Григорий сунул руку в кисет, куда он положил подаренный стариком бронзовый браслет. И гнев охватил Плещеева, ибо браслет тот обратился в круглую засохшую каральку собачьего дерьма. Вернуться? Набить предсказателю рожу? Но рука на такого древнего старца не поднимется. Дудочки зеленые! Кальяны! Пропади они пропадом!
25. СТРЕЛА ШАЙТАНА
Все в этот год было странно. Ночью в небе появилась хвостатая звезда, была долго, потом улетела. С неделю белки шли через великую реку Тому, скакали по пашням и через посады, хоть бери их руками.
Это, говорили знающие люди, к великому гладу, большим смутам, к мору. Попы в церквах принимали явки от казаков и крестьян, но и у детей боярских явки брали, заверяли все печатями и прятали в ларцы вместе с церковными бумагами.
Было в иных бумагах писано против Щербатова, а в иных — против Бунакова. Пятница не суется вперед четверга. Бумаги в церковных ларях хранят людские обиды и мысли. Кто будет истину искать, тот сюда обратится. Тут не пропадет.
Кучерявый, русобородый воевода Бунаков службу правил толком, жалованье казакам платил сполна, ясашных зря не обирал, не обсчитывал. Про него уж не скажешь, что в царстве слепых и кривому честь. Наш!
Однако если человека упекли в тюрьму, так он вовек не забудет, кто это сделал. Если у человека хоромы пограбили, у женки его серьги из ушей с мясом вырвали, не забудет он того по гроб жизни. Дети боярские на Бунакова зуб имели, большой зуб. Да только пока его в поповской шкатулке спрятали. Придет наше время!
Ясашные тоже разные. Князец Изегельдей думал так: Щербатой самим царем был назначен, а Бунаков выбран казачишками и прочими томскими людишками. А кто — старше?
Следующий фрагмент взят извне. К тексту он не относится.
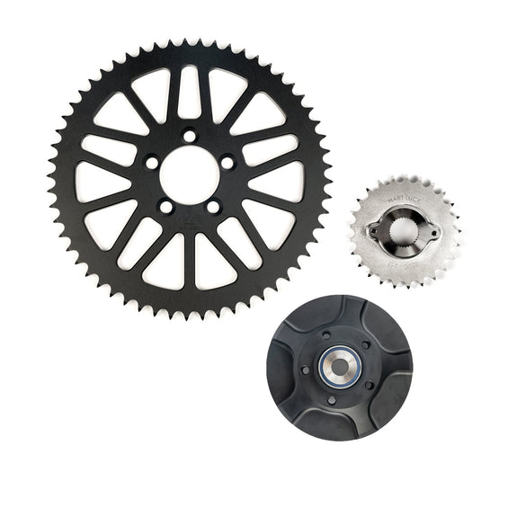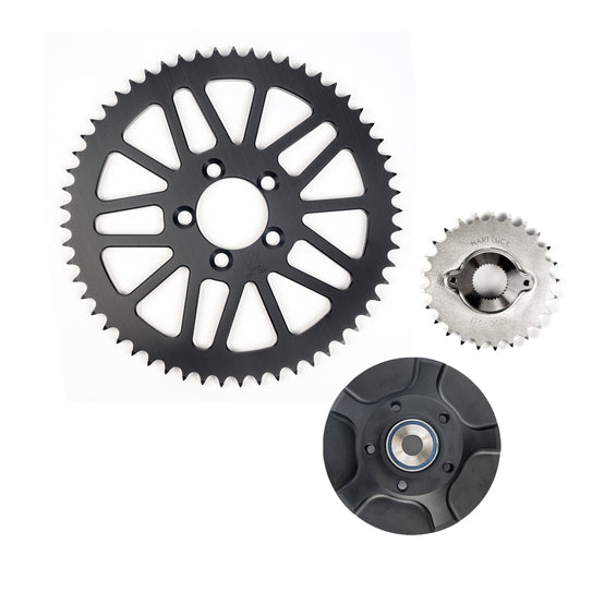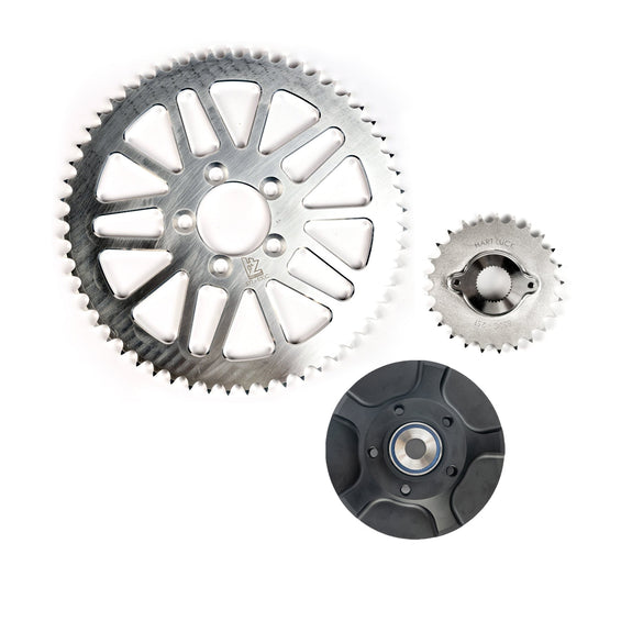***Planeamos incluir opciones adicionales de tamaño de rueda dentada trasera en el futuro. Sin embargo, con modificaciones mínimas, muchas ruedas dentadas traseras no originales pueden funcionar con nuestro adaptador cush-drive. Esto le permite modificar las relaciones de transmisión final por su cuenta. Sin embargo, lo hace bajo su propio riesgo.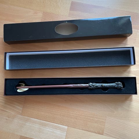Harry Potter Gryffindor tryllestav og tørklæde sæt. Tryllestaven leveres i en æske med Harry Potter mærkning, og tørklædet har Gryffindor emblem. Sælges samlet. .

Изегельдей ночью пробрался ко двору князя. Приедут из центра подьячие, будут считать, чем меньше в доме пушнины найдут, тем и лучше.
Князь Осип проявлял военную хитрость. Выходил с кувшином вина к казакам, стоявшим в карауле возле ворот, садился на лавочку:
— Вам служба, казаки, спать не дает, мне — обида, стережете меня аки ворога. Берите стаканы, погреемся…
А в это время с другой стороны двора княгиня Аграфена да княжич Константин тюки через тын бросали. Людишки Изегельдея по-рысьи исчезали во мраке.
Но не все люди племени были верны Изегельдею. На другой день двое к Илье Микитичу пришли. Изегельдейка, мол, отправил Оськину пушнину да письмо для царя с холопами своими. Теперь они бегут тайными тропами до самой Обы-реки.
Призвал Бунаков Григория. Поедешь? А Григорий уже чувствовал, что томит его безделье, а тут и дело само нашлось.
Переправились через Тому, углубились в таежные дебри. Отряд затерялся среди стволов.
Предавшие Изегельдейку Тогурма да Апса и вызвались быть проводниками. Григорий взял в свой отряд Бадубайку, Ваську-Томаса, Дашутку — рыжую шутку да глухого Пахома.
— Мало! — сомневались проводники — Изегельдей — не просто мурза, он колдун большой. У него и отец, и дед — все шаманами были. Хочет — делает гром, хочет — шлет туман.
— У нас один Бадубай за десятерых сойдет, — отвечает Григорий, — он, как наестся да гунет, так половина тайги провалится. А Дашка под Кузнецком мою крепость от целой армии спасла. Так что — не пропадем.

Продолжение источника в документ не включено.